Angielskifrancuskihiszpański

Ad


Ulubiona usługa OnWorks

spacy-transformers do pobrania dla systemu Linux

Bezpłatne pobieranie aplikacji spacy-transformers dla systemu Linux do uruchamiania online w Ubuntu online, Fedora online lub Debian online

Jest to aplikacja dla systemu Linux o nazwie spacy-transformers, której najnowszą wersję można pobrać jako v1.3.2sourcecode.zip. Można go uruchomić online w bezpłatnym dostawcy hostingu OnWorks dla stacji roboczych.

Pobierz i uruchom online tę aplikację o nazwie spacy-transformers z OnWorks za darmo.

Postępuj zgodnie z tymi instrukcjami, aby uruchomić tę aplikację:

- 1. Pobrałem tę aplikację na swój komputer.
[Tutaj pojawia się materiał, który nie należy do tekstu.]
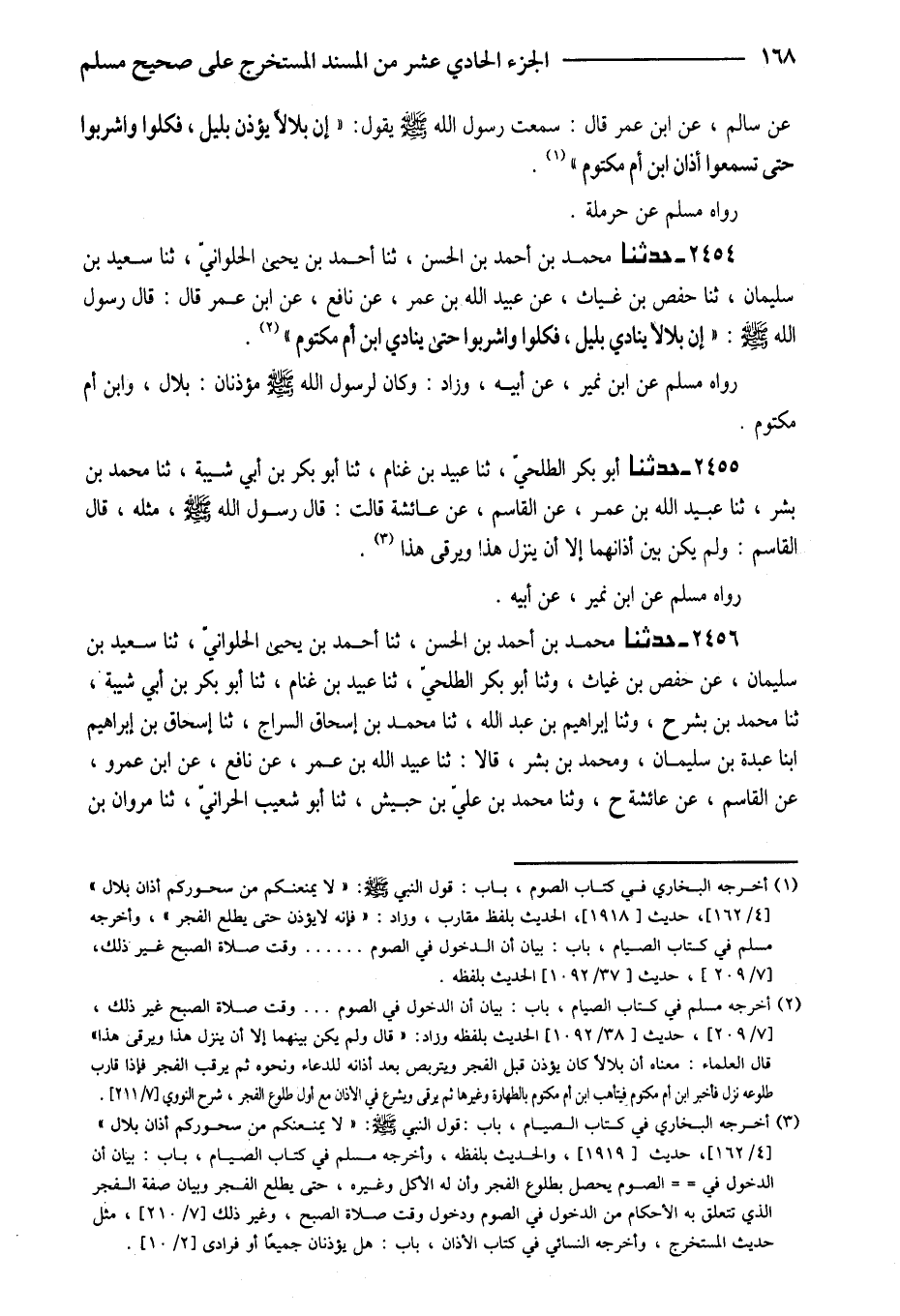 2454 - حَدَّثَنَا مُحَمَّدُ بْنُ أَحْمَدَ بْنِ الْحَسَنُ ثَنَا أَحْمَدُ بْنُ يَحْيَى الْحُلْوَانِيُّ ثَنَا سَعِيدُ بْنُ سُلَيْمَانَ ثَنَا حَفْصُ بْنُ غِيَاثٍ عَنْ عُبَيْدُ اللَّهِ بْنُ عُمَرَ عَنْ نَافِعٍ عَنِ ابْنِ عُمَرَ قَالَ قَالَ رَسُولُ اللَّهِ صَلَّى اللَّهُ عَلَيْهِ وَسَلَّمَ إِنَّ بِلالًا يُنَادِي بِلَيْلٍ فَكُلُوا وَاشْرَبُوا حَتَّى يُنَادِيَ ابْنِ أُمِّ مَكْتُومٍ

- 2. Wpisz w naszym menedżerze plików https://www.onworks.net/myfiles.php?username=XXXXX z wybraną nazwą użytkownika.

- 3. Prześlij tę aplikację w takim menedżerze plików.
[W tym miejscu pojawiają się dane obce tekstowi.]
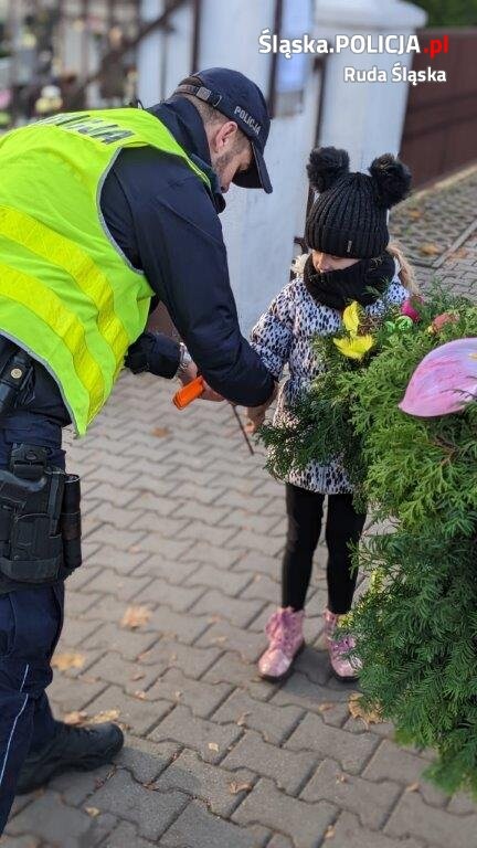W tym roku dzielnicowi z Komisariatu Policji V w Rudzie Śląskiej - Halembie mając na uwadze duże skupienie ludzi w okolicach cmentarzy, rozdawali elementy odblaskowe. Celem tych działań było uświadomienie ludziom, jak ważne są odblaski, które zdecydowanie poprawiają widoczność pieszego po zmroku. Korzystając z okazji, policjanci informowali mieszkańców o zaletach noszenia elementów odblaskowych po zmroku, oraz o tym, że warto nosić je nie tylko w miejscach, w których wymagają tego przepisy.

- 4. Uruchom emulator online OnWorks Linux lub Windows online lub emulator online MACOS z tej witryny.

- 5. W systemie operacyjnym OnWorks Linux, który właśnie uruchomiłeś, przejdź do naszego menedżera plików https://www.onworks.net/myfiles.php?username=XXXXX z wybraną nazwą użytkownika.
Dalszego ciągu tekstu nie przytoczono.